The Chancellor maintains an intensive exchange with the chairman of the Jewish Claims Conference, Nahum Goldmann. However, his efforts for conclusive reparations for Jewish victims of persecution by the Nazi regime fail to achieve results.

Complicated relationship with the Meir government

The “new Ostpolitik toward the Soviet Union and the re-assumption of the Federal Republic’s relations with Arab states in the early 1970s meet with a great deal of mistrust in Israel’s government. Prime Minister Golda Meir sees in Bonn’s striving for a “balanced Middle East policy” a downgrading of German-Israeli relations.

The relationship becomes heavily strained due to the attack at the Munich Olympics in 1972 whereby eleven Israeli athletes lose their lives. Shortly afterwards, Israel reacts to the release of the Palestinian terrorists involved in the attack with serious reproaches directed towards the German government.

By the time of the first state visit of a German Chancellor in Israel in June 1973, Willy Brandt and Golda Meir succeed in easing tensions in their countries’ relations. It is not only the idea of democratic socialism which bonds the two. They also feel deep respect and personal admiration for one another. However, with regard to the pre-conditions and possibilities for peace in the Middle East, the two are of widely differing opinions.

Secret aid in the Yom Kippur War

Despite its officially neutral position, on the orders of Chancellor Willy Brandt and Defence Minister Georg Leber (SPD), the Federal Republic supplies military hardware from the Bundeswehr to Israel during the Yom Kippur War in October 1973. In the first days after the Arab attack, the heavily embattled Israeli army is urgently dependent on this secret aid.
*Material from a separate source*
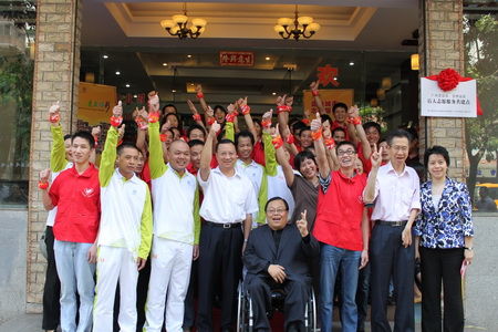 10月24日上午,在结束了慰问亚残运会志愿者骨干之后,中残联副主席、亚残运会组委会副主席吕世明一行,在亚组委志愿者部部长、团市委书记王焕清,广州市残联理事长梁左宜,亚组委志愿者部副部长林燕芬等领导的陪同下,出席了在滨江东路祝安盲人按摩院举行的“广州市亚运会、亚残运会盲人志愿服务共建点”揭牌仪式。

The social-liberal coalition also tolerates the fact that the USA sends re-supply deliveries to Israel across the territory of the Federal Republic. Only when the press reports that the Americans are loading freighters under the Israeli flag in Bremerhaven does Brandt demand, with reference to German neutrality, an immediate halt to these activities. His demand elicits fierce protests in Israel and in the USA.

Critical solidarity

For Willy Brandt, Israel’s right to exist is inviolable and non-negotiable. At the same time, he joins other voices in international politics which also call for recognition of the legitimate rights of the Palestinian people.

However, Brandt encounters harsh criticism from the Israeli Labour Party of Shimon Peres and Yitzhak Rabin, when, as President of the Socialist International (SI), he meets in 1979 for the first time with Yasser Arafat, the head of the Palestine Liberation Organisation (PLO). Conversely, in 1982 Brandt condemns the conduct of the Israeli army in the war in Lebanon.

But despite all of the criticism, for him solidarity with the state of Israel is never called into question. How highly regarded the former Chancellor’s reputation is becomes clear during his last visit to Israel in 1985. In the vicinity of Nazareth a forest is named after Willy Brandt.

References to literature:

Willy Brandt: Verbrecher und andere Deutsche. Ein Bericht aus Deutschland 1946, bearb. von Einhart Lorenz, Bonn 2007 (Bd. 1 der Willy-Brandt-Dokumente).

Willy Brandt – Berliner Ausgabe, Bd. 8: Über Europa hinaus. Dritte Welt und Sozialistische Internationale, bearb. von Bernd Rother und Wolfgang Schmidt, Bonn 2006.

Wolfgang Schmidt: Aus historischer Verantwortung, moralischer Verpflichtung und politischer Überzeugung. Wie sich Bundeskanzler Willy Brandt um Israel und den Frieden im Nahen Osten bemühte, Berlin 2014 (Heft 26 der Schriftenreihe der Bundeskanzler-Willy-Brandt-Stiftung).